# let the smoke roll



## moose (Apr 10, 2007)

Hello to all on the SMF.  Been smoking meats for 15 years.  Started out on a Weber Smokey Mountian then  on  to a Great Outdoors Smoky Mountain gasser.  Still use the GOSM for small smokes.  I then upgraded to my current cooker which is a Lang 84 stick burner.  I'm located in beautiful Colorado and am a member of KCBS.  I looked around at the forum and seems to be a first class operation!  Hope to meet you all in the forums.  I have lots of pictures I can post in the future after I find out how on this forum.  

Thanks,

Moose


----------



## t-bone tim (Apr 10, 2007)

Welcome aboard Moose ...lookin forward to your pics !! 
	

	
	
		
		



		
			






 :)


----------



## ultramag (Apr 10, 2007)

Welcome to SMF moose!!! Look forward to your pics as well as your input in the forums. Have fun and post often.


----------



## ikinya6 (Apr 10, 2007)

Welcome Moose!
I'd tell ya there's a lot of opportunity to learn here, but it looks like we'll be getting schooled by you. Looking forward to it.


----------



## teacup13 (Apr 10, 2007)

welcome to SMF


----------



## meowey (Apr 10, 2007)

Welcome, Moose!  Glad you found us.  I'm lookin' forward to the pictures.

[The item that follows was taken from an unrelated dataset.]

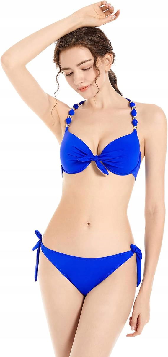 Zestaw bikini dla kobiet. Góra od bikini push-up z regulowanym wiązaniem z boku, stroje kąpielowe z paskiem na szyję, bikini z regulowanymi wiązaniami po bokach, dwuczęściowy strój kąpielowy dla kobiet.

Take care, have fun, and do good!

Regards,

Meowey


----------



## cajun_1 (Apr 10, 2007)

Welcome to the SMF


----------



## smokincowboy (Apr 10, 2007)

welcome and enjoy


----------



## buddy (Apr 10, 2007)

Hey Moose , glad your here. Enjoy all the good information here.


----------



## tonto1117 (Apr 10, 2007)

Welcome to the SMF Moose!!! Great bunch of folks here so jump right in! 

How do you like your Lang?? Just purchased a 60 mobile and am anxiously waiting to go pick it up. 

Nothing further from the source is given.